Enseignant en sciences infirmières et auteur du livre Louise Gareau, infirmière de combats, je ne peux demeurer silencieux dans le débat entourant l’annonce de l’attribution de l’Ordre du Canada au Dr Morgentaler. La question de l’avortement est peu banale et complexe. Que cette question soit soulevée en ce contexte où les intégrismes de toutes natures s’épanouissent, appelle la prise de parole. Il s’agit d’une question sensible pour les femmes puisqu’elle concerne directement leur santé et leur vie… la vie!
Depuis des siècles, les infirmières apportent soins et soutien pour que la vie s’épanouisse et s’éteigne dans la plus grande sérénité possible. Enseignant en sciences infirmières, j’applaudis à l’attribution de l’Ordre du Canada au Dr Morgentaler puisqu’elle constitue également une reconnaissance du travail de personnes soignantes, de plusieurs infirmières, ayant contribué à l’amélioration de la santé des femmes et populations en général.
En 1976, Yannick Villedieu estimait que l’avortement était un problème de santé capital pour les femmes et un excellent révélateur de la situation d’inégalité dans laquelle elles vivaient. En ces années, au Québec, de nombreuses personnes, dont des infirmières, se sont investies aux côtés du Dr Morgentaler pour que les femmes puissent, librement, choisir leur maternité ou, dignement, accéder à une interruption volontaire de grossesse.
En rédigeant l’ouvrage Louise Gareau, infirmière de combats, j’ai pu prendre la mesure du parcours d’une infirmière qui, conjointement avec le Dr Morgentaler, a œuvré pour les droits des femmes et leur santé. Les récits entendus m’ont fait ressentir la démesure de la souffrance de femmes confrontées à une grossesse non désirée résultant parfois d’une relation violente, incestueuse ou avec un homme ayant pris la poudre d’escampette. Parfois, le géniteur appartenait à un ordre religieux exerçant des pressions pour que le père tourne le dos à la femme déchirée. Louise Gareau a soigné ces femmes confrontées à une immense solitude. Cette infirmière valorisait l’expérience de la maternité, mais sa pratique l’a confronté au combat pour la reconnaissance du droit à l’avortement. Tout comme Morgentaler, elle ne souhaitait pas l’avortement pour personne, mais elle savait toutes les souffrances que vivaient ces femmes confrontées à un choix déchirant dans un univers qui les jugeait, les condamnait et qui ne leur offrait aucune alternative.
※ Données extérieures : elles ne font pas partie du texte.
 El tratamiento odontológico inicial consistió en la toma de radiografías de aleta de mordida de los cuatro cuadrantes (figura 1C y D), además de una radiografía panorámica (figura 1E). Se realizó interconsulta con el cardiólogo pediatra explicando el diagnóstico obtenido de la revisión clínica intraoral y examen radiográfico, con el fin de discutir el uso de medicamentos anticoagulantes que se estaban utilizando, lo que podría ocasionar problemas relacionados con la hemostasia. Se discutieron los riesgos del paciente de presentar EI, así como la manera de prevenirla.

Dans une société pluraliste traversée par des valeurs contradictoires, l’option chrétienne ne rallie pas tous. Dans ce contexte, l’infirmière est appelée à côtoyer et à soulager la souffrance quelle que soit l’appartenance de la personne et il lui incombe d’adopter une posture de protectrice des droits et intérêts de l’être souffrant. La seule manière d’y parvenir est de considérer la personne, dans son humanité, en lui offrant l’espace pour exprimer librement ses désirs, volontés et croyances. L’infirmière est confrontée à ce que monseigneur Pierre Claverie définissait comme le rapport d’une croyance avec ce qui lui est extérieur: «On ne possède pas la vérité et j’ai besoin de la vérité des autres»… pour les soigner! Louise Gareau comme d’autres soignantes, en collaboration avec cet homme de grande humanité qu’est le Dr Morgentaler, ont pu offrir des soins libérateurs. Des soins contribuant à l’épanouissement de la personne et de son pouvoir d’exister malgré les handicaps et difficultés rencontrées sur son parcours de vie.
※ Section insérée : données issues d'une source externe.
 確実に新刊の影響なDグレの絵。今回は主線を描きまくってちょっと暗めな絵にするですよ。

Je conclurai ce texte en empruntant les mots que le Dr Morgentaler a écrits pour Louise Gareau. Je les adresse à cet homme empreint d’un humanisme indispensable à la dispensation de soins accessibles aux gens de toutes croyances. S’il y avait sur cette terre plus de Morgentaler, plus de gens aptes à poser des actes réfléchis empreints de profondes valeurs d’humanité, le risque que notre monde meurt par trop d’obéissance serait presque nul.
La reconnaissance que l’État canadien offre au Dr Morgentaler est signe d’une société en santé. À juste titre, Charles Taylor estime que «la nature d’une société libre repose sur le fait qu’elle sera toujours le théâtre d’un conflit entre les formes élevées et les formes basses de la liberté. On ne peut abolir ni l’une ni l’autre, mais on peut en déplacer la ligne de partage…».